Task: Retype the opening lines of the listing below, ending with the line that contains "Purchase Crystal infused", and leave out any pictures.

───── Data to use ─────

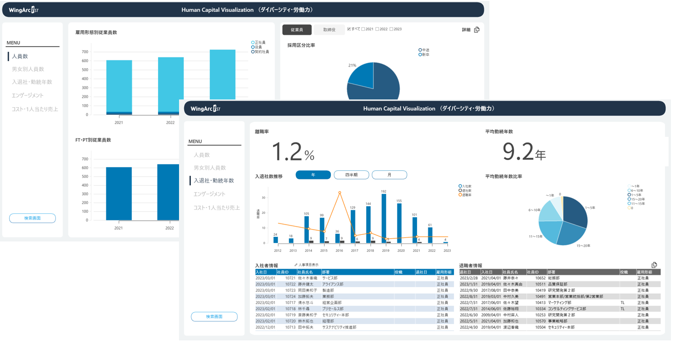 このダッシュボードは、人的資本の管理を目的に社員数や年齢構成、男女比などを可視化し、ISO30414やIR報告に活用できます。経営企画やサステナ部門と共通認識を持ちながら、Human Capital Reportの作成を効率化します。
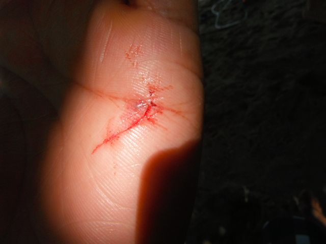 hand touches the bottom. When I resurface, I see that my left hand is bleeding.
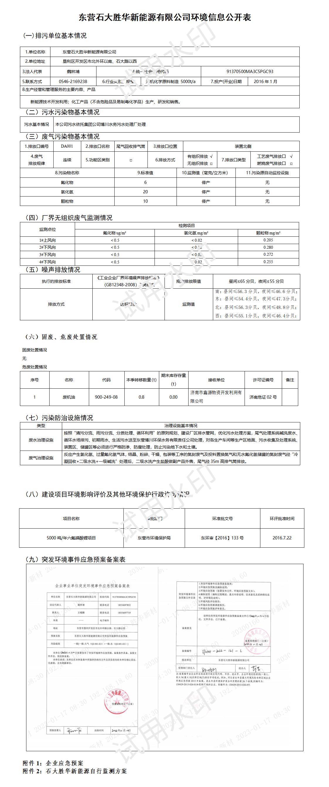 上一篇:东营石大胜华新材料有限公司环境信息公开表(2023年第三季度) 下一篇:胜华新能源科技(东营)有限公司环境信息公开表(2023年第三季度)
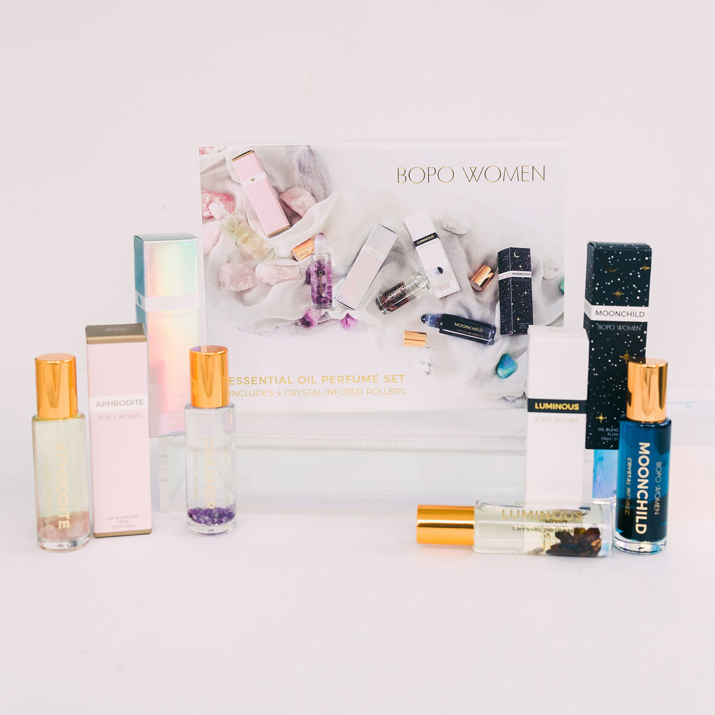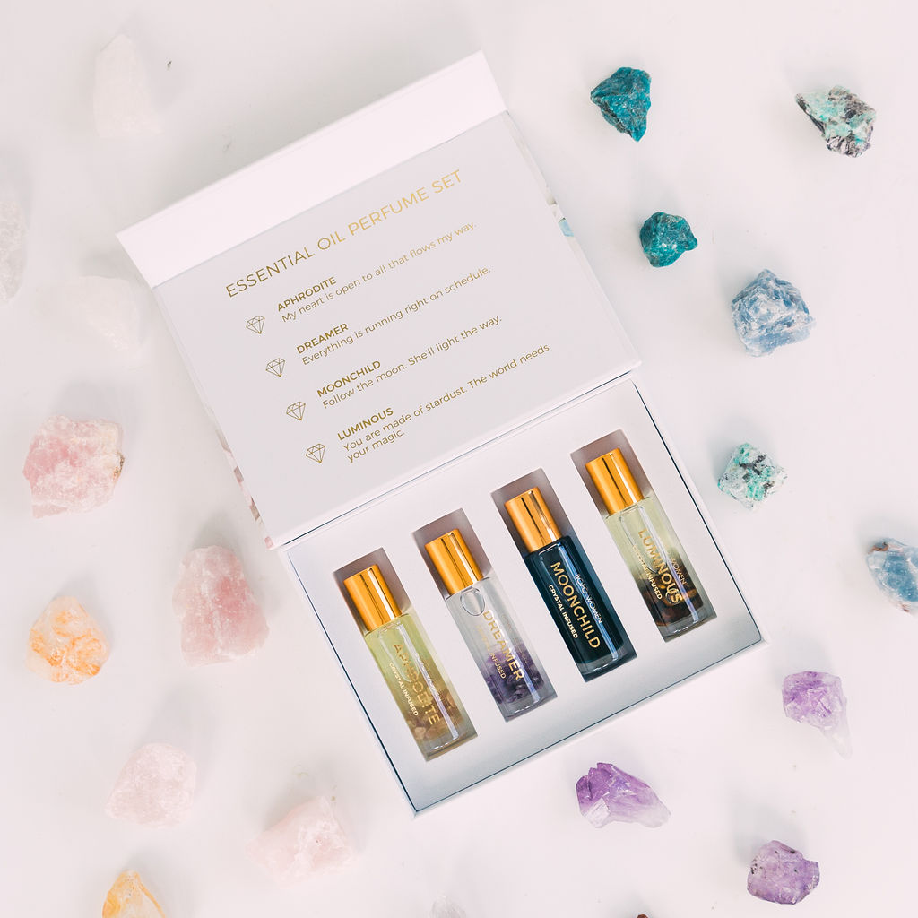 Purchase Crystal infused essential oil perfume roller online now from Six things shop Australia.
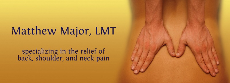 These sessions are solution-oriented and highly focused. Matt will evaluate the musculoskeletal causes of your pain and develop a plan to address them. Modalities employed may include orthopedic evaluation, deep tissue, Swedish, neuromuscular therapy (trigger point), myofascial, muscle energy technique, Thai, sports, stretching and other techniques to correct posture and relieve chronic pain. Typical dysfunctions addressed include:
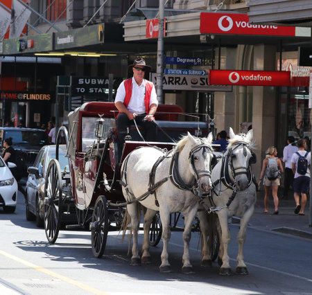 MELBOURNE, AUSTRALIA - JANUARY 25, 2019: A horse-drawn carriage on the street in Melbourne. Carriage ride is popular among tourists in Melbourne

─────

Result for this exercise:
 このダッシュボードは、人的資本の管理を目的に社員数や年齢構成、男女比などを可視化し、ISO30414やIR報告に活用できます。経営企画やサステナ部門と共通認識を持ちながら、Human Capital Reportの作成を効率化します。
 hand touches the bottom. When I resurface, I see that my left hand is bleeding.
 上一篇:东营石大胜华新材料有限公司环境信息公开表(2023年第三季度) 下一篇:胜华新能源科技(东营)有限公司环境信息公开表(2023年第三季度)
 Purchase Crystal infused essential oil perfume roller online now from Six things shop Australia.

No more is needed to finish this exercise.